++++ SOURCE DATA ++++

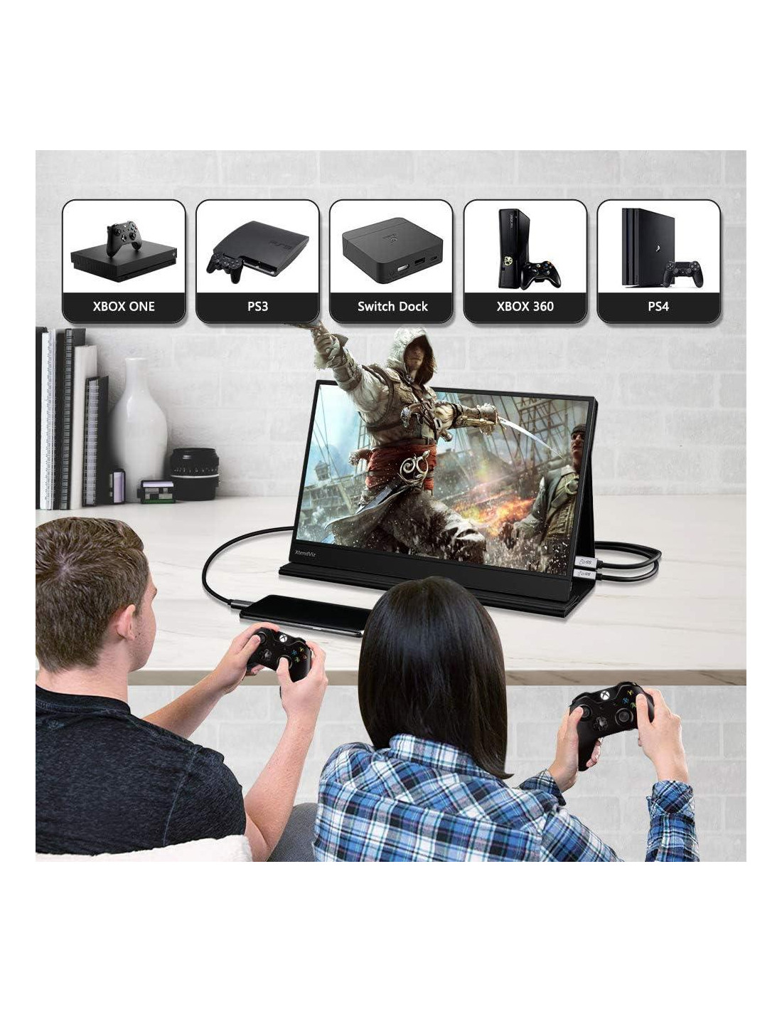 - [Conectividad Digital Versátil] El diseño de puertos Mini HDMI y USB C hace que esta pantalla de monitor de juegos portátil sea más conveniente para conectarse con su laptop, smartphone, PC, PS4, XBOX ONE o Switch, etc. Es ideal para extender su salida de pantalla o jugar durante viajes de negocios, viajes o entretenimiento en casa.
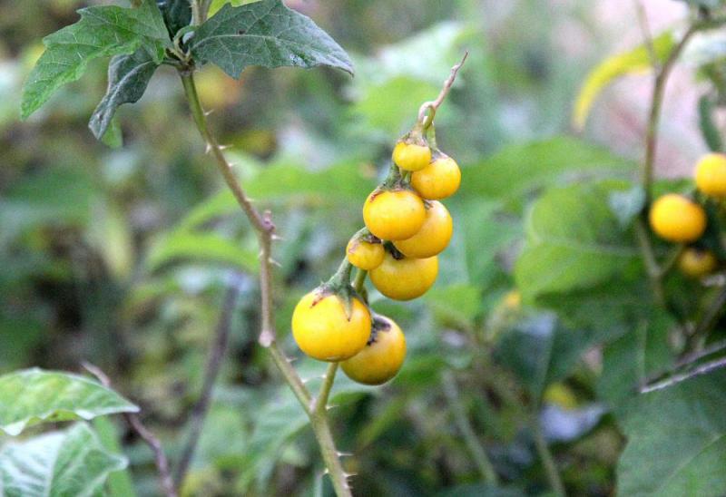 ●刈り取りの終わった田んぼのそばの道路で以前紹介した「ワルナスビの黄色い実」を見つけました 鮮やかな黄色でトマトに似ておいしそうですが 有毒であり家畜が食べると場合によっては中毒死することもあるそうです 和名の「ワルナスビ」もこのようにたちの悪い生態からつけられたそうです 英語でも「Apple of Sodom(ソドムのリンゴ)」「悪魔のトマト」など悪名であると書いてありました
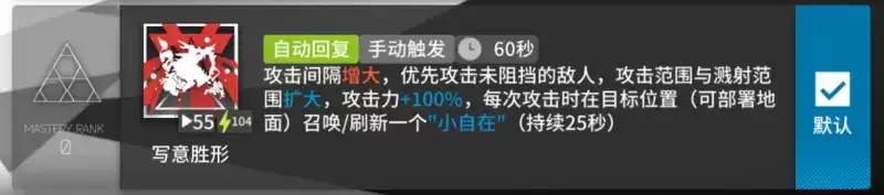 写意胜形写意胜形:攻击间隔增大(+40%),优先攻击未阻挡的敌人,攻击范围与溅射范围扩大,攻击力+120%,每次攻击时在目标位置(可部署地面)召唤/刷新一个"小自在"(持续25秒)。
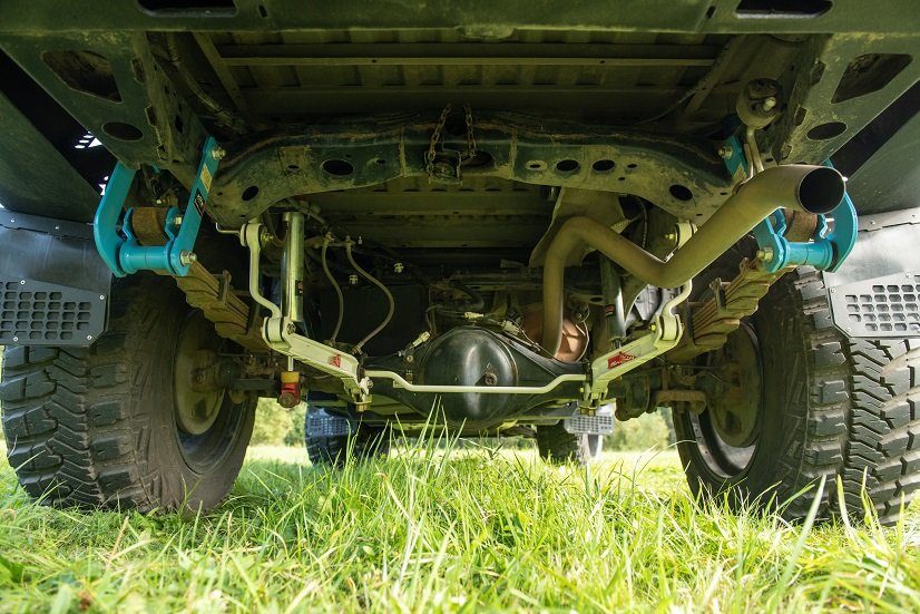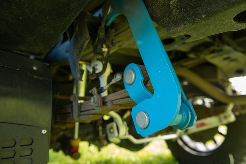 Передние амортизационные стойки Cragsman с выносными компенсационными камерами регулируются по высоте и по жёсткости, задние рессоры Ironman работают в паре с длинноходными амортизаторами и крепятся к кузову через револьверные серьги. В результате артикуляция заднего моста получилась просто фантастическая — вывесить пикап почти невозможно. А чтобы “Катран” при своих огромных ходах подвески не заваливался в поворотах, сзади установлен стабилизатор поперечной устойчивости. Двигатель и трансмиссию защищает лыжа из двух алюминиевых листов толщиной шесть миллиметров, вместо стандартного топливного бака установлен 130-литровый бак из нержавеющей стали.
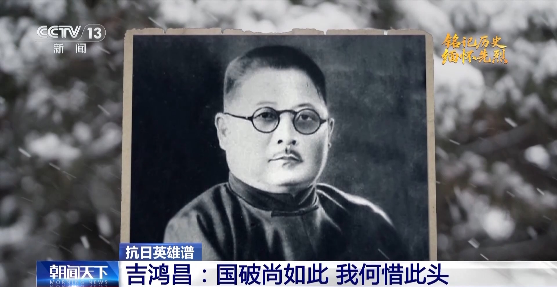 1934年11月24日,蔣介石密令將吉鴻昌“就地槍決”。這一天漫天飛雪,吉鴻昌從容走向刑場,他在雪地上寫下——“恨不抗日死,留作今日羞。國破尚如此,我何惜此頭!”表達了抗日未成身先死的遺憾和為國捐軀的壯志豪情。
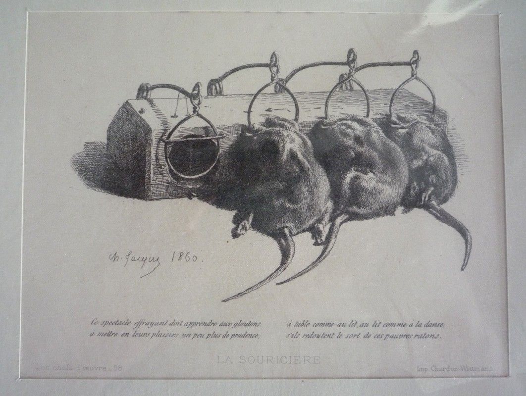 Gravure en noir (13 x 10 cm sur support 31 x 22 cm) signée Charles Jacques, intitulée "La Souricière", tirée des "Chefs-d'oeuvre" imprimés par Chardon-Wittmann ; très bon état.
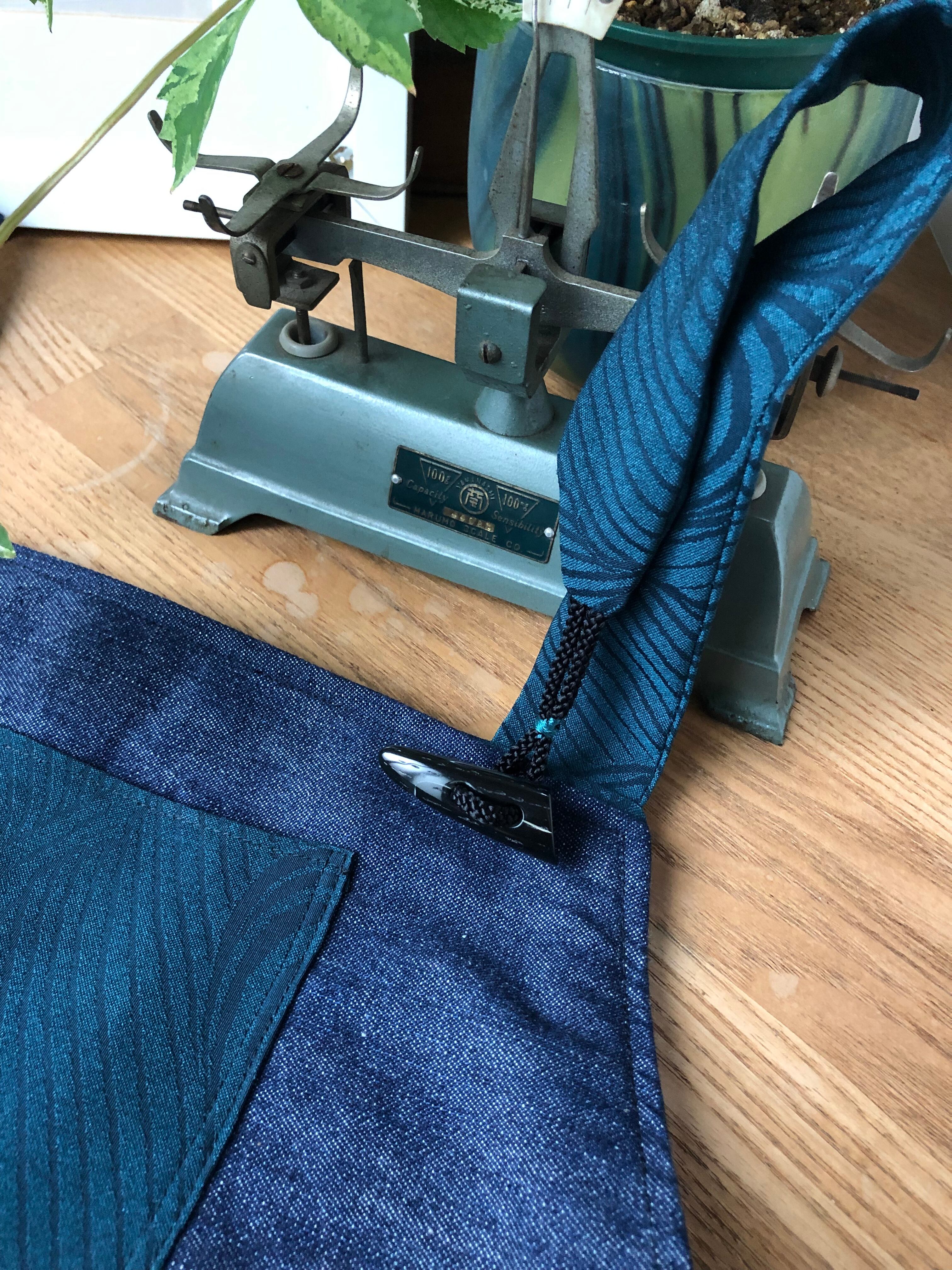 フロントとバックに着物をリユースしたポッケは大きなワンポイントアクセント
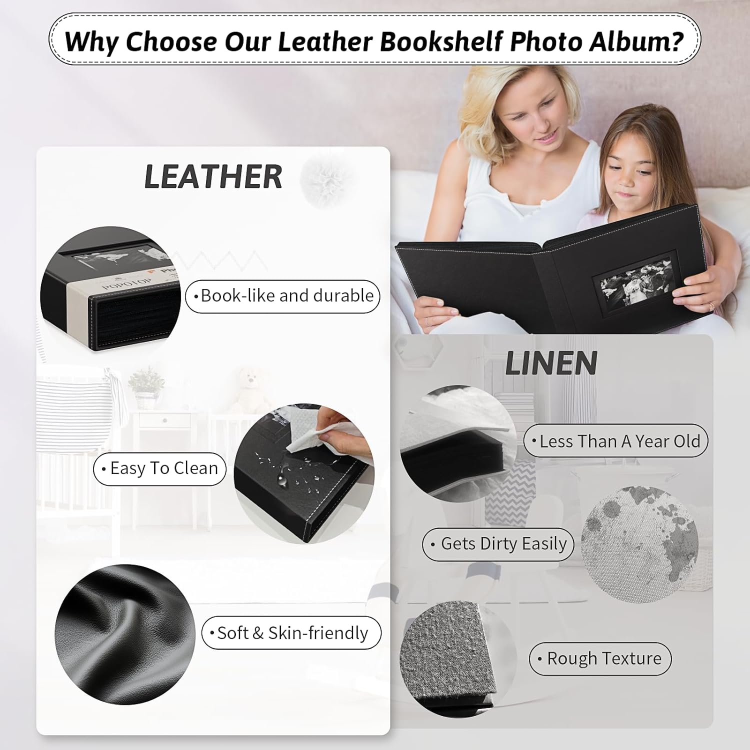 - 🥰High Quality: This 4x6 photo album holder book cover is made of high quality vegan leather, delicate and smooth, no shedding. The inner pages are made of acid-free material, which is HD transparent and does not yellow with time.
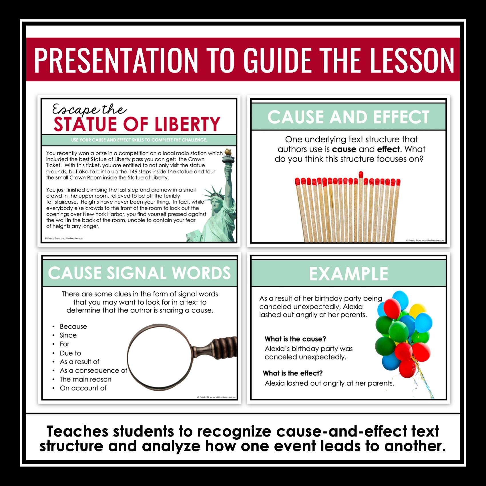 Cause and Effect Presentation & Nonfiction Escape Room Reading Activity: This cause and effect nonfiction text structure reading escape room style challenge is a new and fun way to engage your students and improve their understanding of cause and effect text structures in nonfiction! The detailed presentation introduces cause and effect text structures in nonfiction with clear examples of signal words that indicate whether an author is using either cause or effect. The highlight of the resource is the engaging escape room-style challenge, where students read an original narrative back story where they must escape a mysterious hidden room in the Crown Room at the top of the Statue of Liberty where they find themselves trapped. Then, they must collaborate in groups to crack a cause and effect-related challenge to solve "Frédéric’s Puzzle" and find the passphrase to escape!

++++

# ASSIGNMENT
Work from the entries above. Set down exactly and only the lines from the line with "Передние амортизационные стойки" to the line with "1934年11月24日,蔣介", both included, and leave the pictures out.

# RESULT
 Передние амортизационные стойки Cragsman с выносными компенсационными камерами регулируются по высоте и по жёсткости, задние рессоры Ironman работают в паре с длинноходными амортизаторами и крепятся к кузову через револьверные серьги. В результате артикуляция заднего моста получилась просто фантастическая — вывесить пикап почти невозможно. А чтобы “Катран” при своих огромных ходах подвески не заваливался в поворотах, сзади установлен стабилизатор поперечной устойчивости. Двигатель и трансмиссию защищает лыжа из двух алюминиевых листов толщиной шесть миллиметров, вместо стандартного топливного бака установлен 130-литровый бак из нержавеющей стали.
 1934年11月24日,蔣介石密令將吉鴻昌“就地槍決”。這一天漫天飛雪,吉鴻昌從容走向刑場,他在雪地上寫下——“恨不抗日死,留作今日羞。國破尚如此,我何惜此頭!”表達了抗日未成身先死的遺憾和為國捐軀的壯志豪情。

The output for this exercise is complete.